• Your task: The full set of entries below, restated word for word and stripped of images, is the expected result.

[Source data]
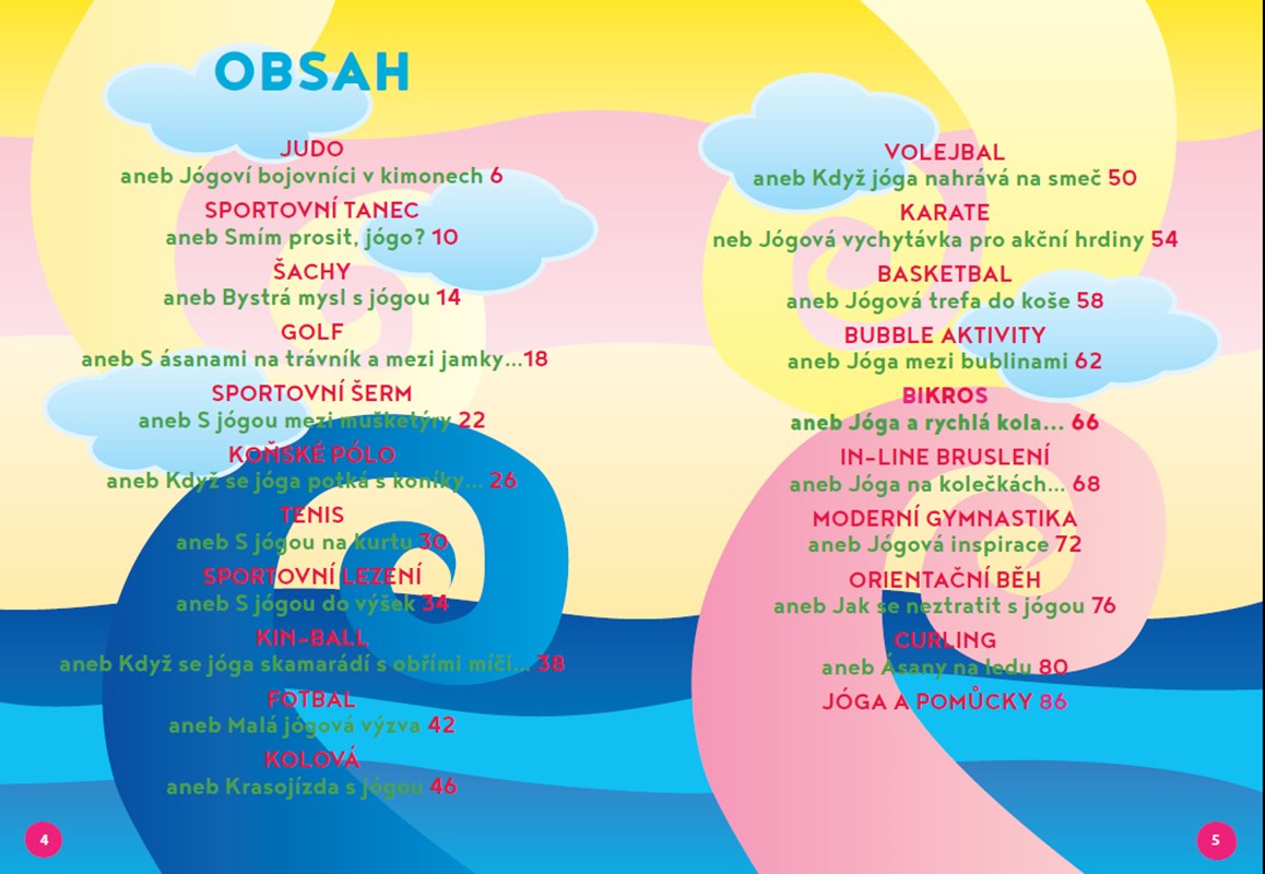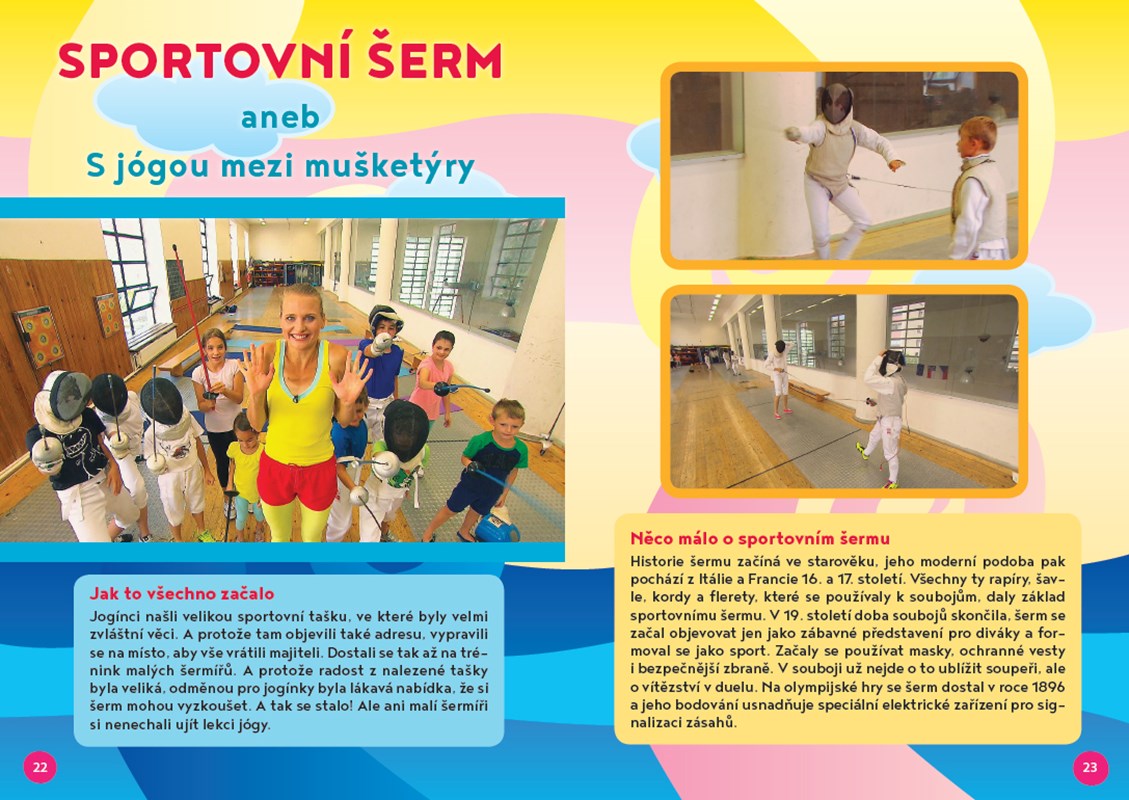 Nová série známého TV cyklu opět vychází v knižní podobě! Jogínci, spolu se svou starší kamarádkou Bětkou, vydávají za nejrůznějšími druhy sportů. A naše knížka ukáže, že jóga může být právě pro sportovce nejen zábavným společníkem, ale také praktickým pomocníkem. Každá kapitola je věnována jednomu sportu, který si jogínci na vlastní kůži zkoušejí, ale především zasvěcují své vrstevníky – sportovce – do tajů jógy. Vybrané ásany jsou vždy šité na míru danému sportu – mohou tak například posilovat určité části těla, kompenzovat přetížení spojená s daným sportem anebo pomoci při soustředění před důležitým závodem, ať jde o orientační běh, fotbal, judo, moderní gymnastiku, šachy či rozličné další sporty.
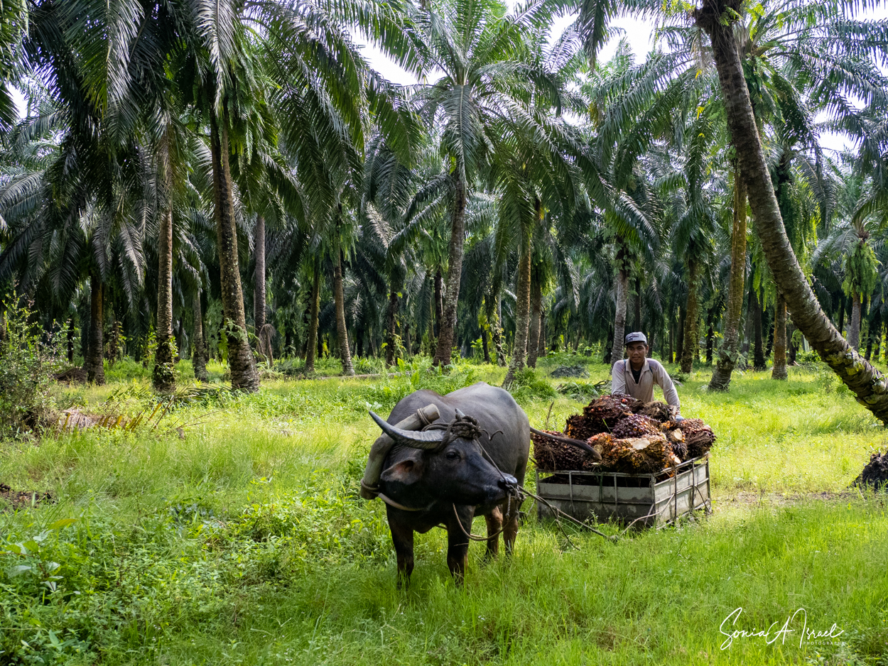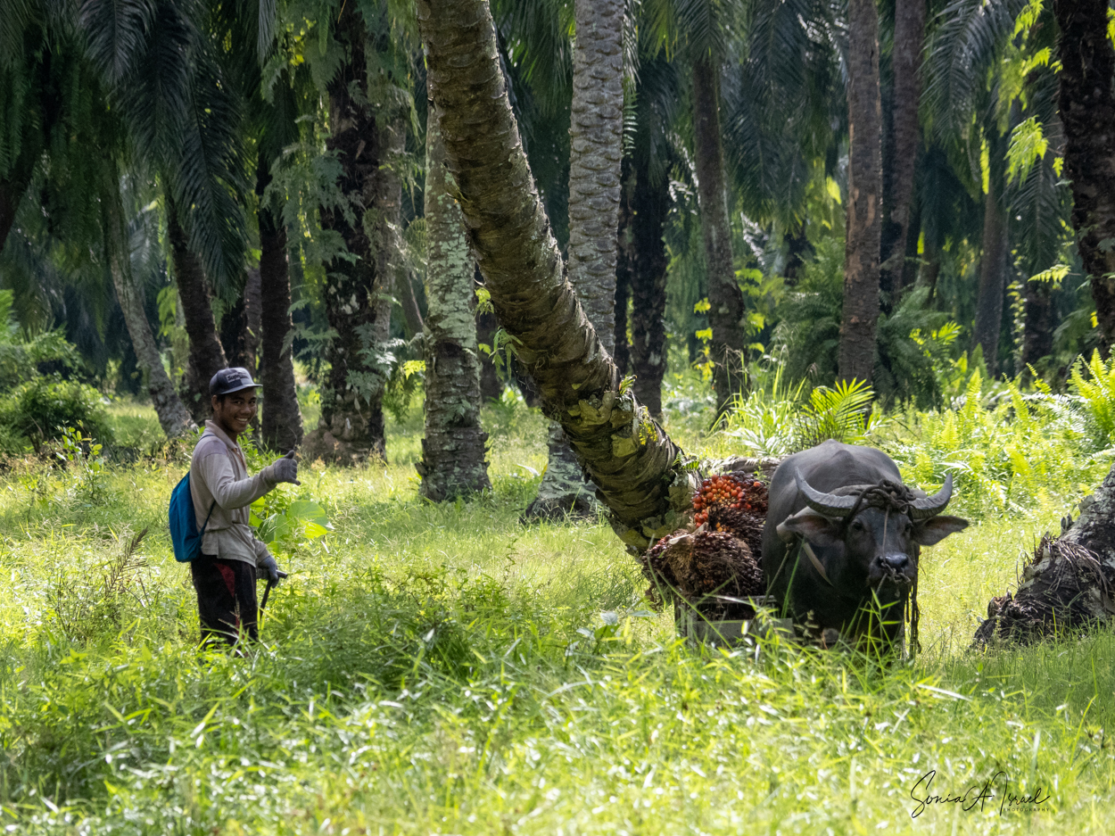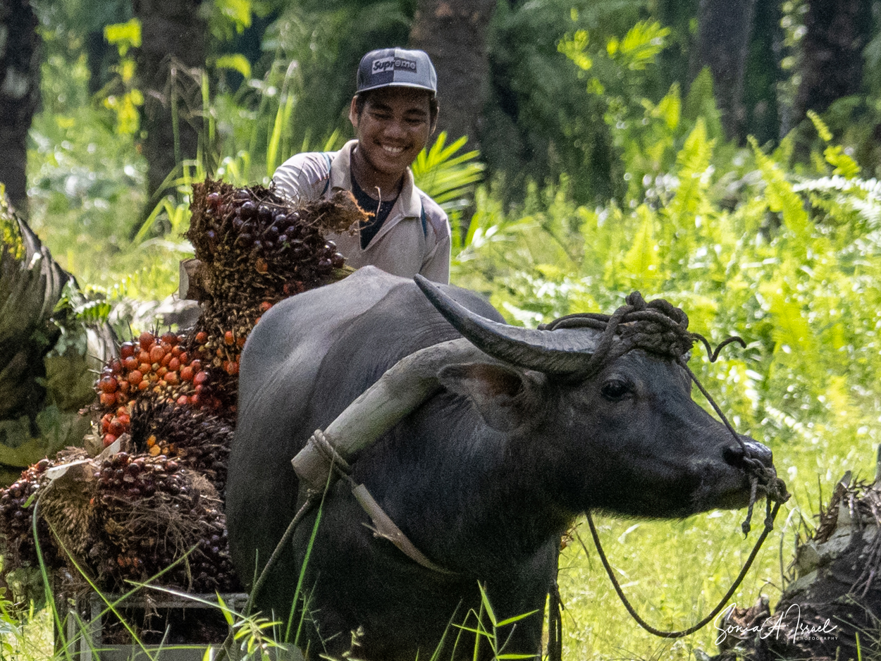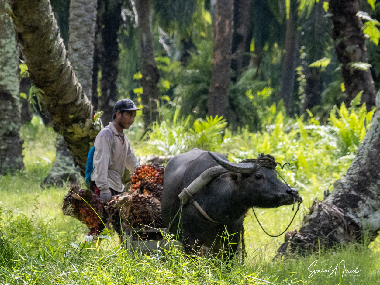 And these plantations create jobs. But the jobs are hard and pay is low. As you can see in the pictures, one man collects the fruit of the palm and using a spike, swings it onto a cart pulled by a buffalo. Then, when it reaches the truck, another man, also using something like a pitchfork, swings the fruit onto the truck. Some communities are part owners and get some money back.
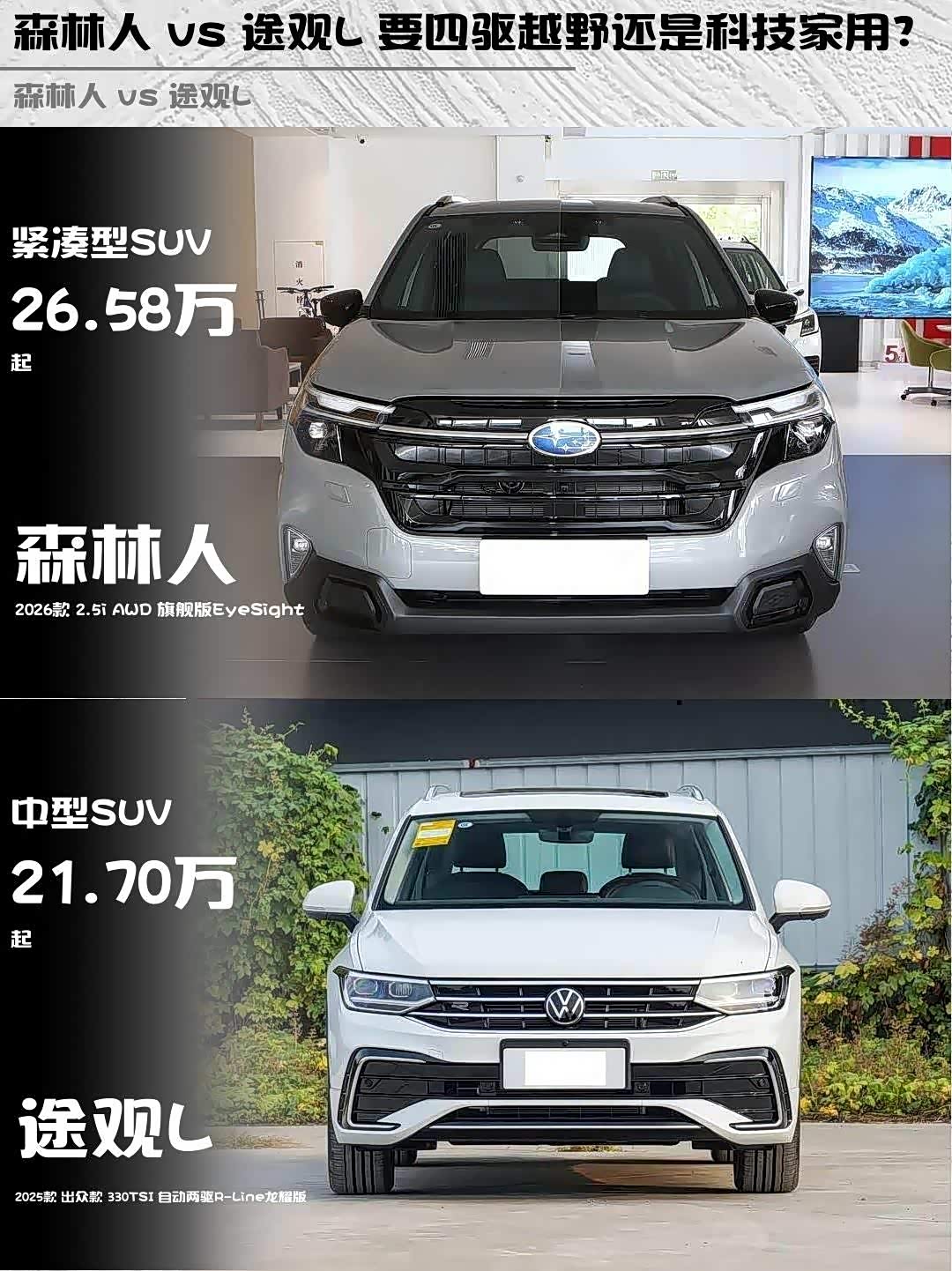 车家号·0浏览·2026-03-25 08:33 · 重庆最近在纠结选SUV的朋友看过来!今天深度对比两款热门车型—— 森林人(参数|询价) 2026款 2.5i AWD 旗舰版EyeSight和途观L 2025款 出众款 330TSI 自动两驱R-Line龙耀版,帮你找到最适合的那款!🚗💨
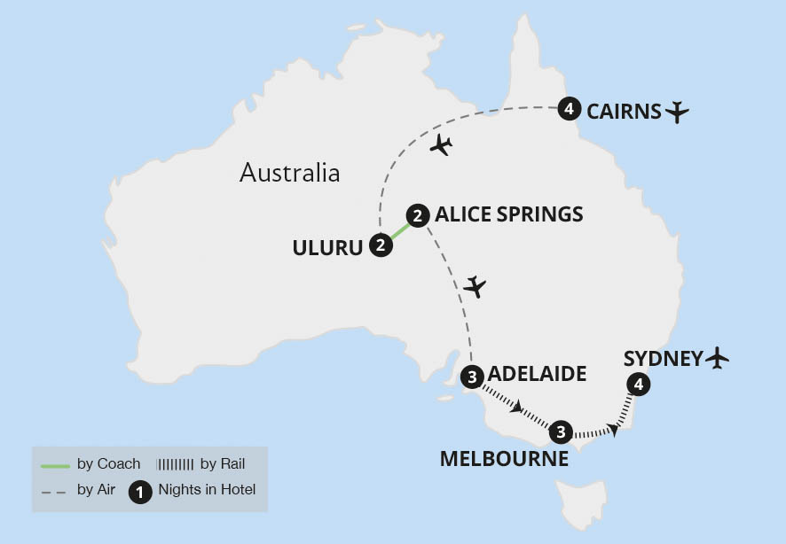 Our epic Australian adventure has taken us from the sensational Great Barrier Reef and the sacred site of Uluru to the wonderful cities of Adelaide, Melbourne and Sydney. With rides on scenic railroads and a heritage steam train, a catamaran trip into the Great Barrier Reef and an iconic cruise into Sydney harbour, this tour has taken us across thousands of miles of Australia's vast and inspiring land. We touch down in London Heathrow early on Day 21 and you are free to make your way home.
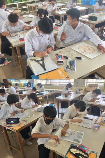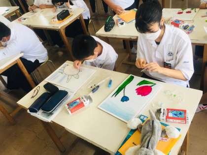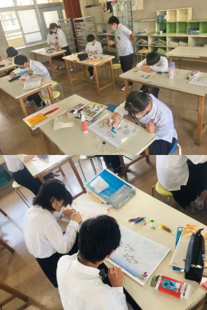 2年生5組の授業(美術)の様子 公開日 2022/06/10 更新日 2022/06/10 学校 10日(金)、2年生5組の3時間目は、美術の授業でした。ステンドグラス風の作品制作をしていました。透明のプラスチックシートに描いた下絵に好みの色を入れる作業をしていました。
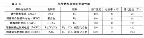 燃料電池是21世紀(jì)各國研究的重點,燃料電池和IGCC組合的聯(lián)合循環(huán)代表了當(dāng)今的發(fā)展方向,它的最大優(yōu)點是效率高,CO2排放少。表3-5給出了幾種燃料電池的發(fā)電性能。

• Response box:
 Nová série známého TV cyklu opět vychází v knižní podobě! Jogínci, spolu se svou starší kamarádkou Bětkou, vydávají za nejrůznějšími druhy sportů. A naše knížka ukáže, že jóga může být právě pro sportovce nejen zábavným společníkem, ale také praktickým pomocníkem. Každá kapitola je věnována jednomu sportu, který si jogínci na vlastní kůži zkoušejí, ale především zasvěcují své vrstevníky – sportovce – do tajů jógy. Vybrané ásany jsou vždy šité na míru danému sportu – mohou tak například posilovat určité části těla, kompenzovat přetížení spojená s daným sportem anebo pomoci při soustředění před důležitým závodem, ať jde o orientační běh, fotbal, judo, moderní gymnastiku, šachy či rozličné další sporty.
 And these plantations create jobs. But the jobs are hard and pay is low. As you can see in the pictures, one man collects the fruit of the palm and using a spike, swings it onto a cart pulled by a buffalo. Then, when it reaches the truck, another man, also using something like a pitchfork, swings the fruit onto the truck. Some communities are part owners and get some money back.
 车家号·0浏览·2026-03-25 08:33 · 重庆最近在纠结选SUV的朋友看过来!今天深度对比两款热门车型—— 森林人(参数|询价) 2026款 2.5i AWD 旗舰版EyeSight和途观L 2025款 出众款 330TSI 自动两驱R-Line龙耀版,帮你找到最适合的那款!🚗💨
 Our epic Australian adventure has taken us from the sensational Great Barrier Reef and the sacred site of Uluru to the wonderful cities of Adelaide, Melbourne and Sydney. With rides on scenic railroads and a heritage steam train, a catamaran trip into the Great Barrier Reef and an iconic cruise into Sydney harbour, this tour has taken us across thousands of miles of Australia's vast and inspiring land. We touch down in London Heathrow early on Day 21 and you are free to make your way home.
 2年生5組の授業(美術)の様子 公開日 2022/06/10 更新日 2022/06/10 学校 10日(金)、2年生5組の3時間目は、美術の授業でした。ステンドグラス風の作品制作をしていました。透明のプラスチックシートに描いた下絵に好みの色を入れる作業をしていました。
 燃料電池是21世紀(jì)各國研究的重點,燃料電池和IGCC組合的聯(lián)合循環(huán)代表了當(dāng)今的發(fā)展方向,它的最大優(yōu)點是效率高,CO2排放少。表3-5給出了幾種燃料電池的發(fā)電性能。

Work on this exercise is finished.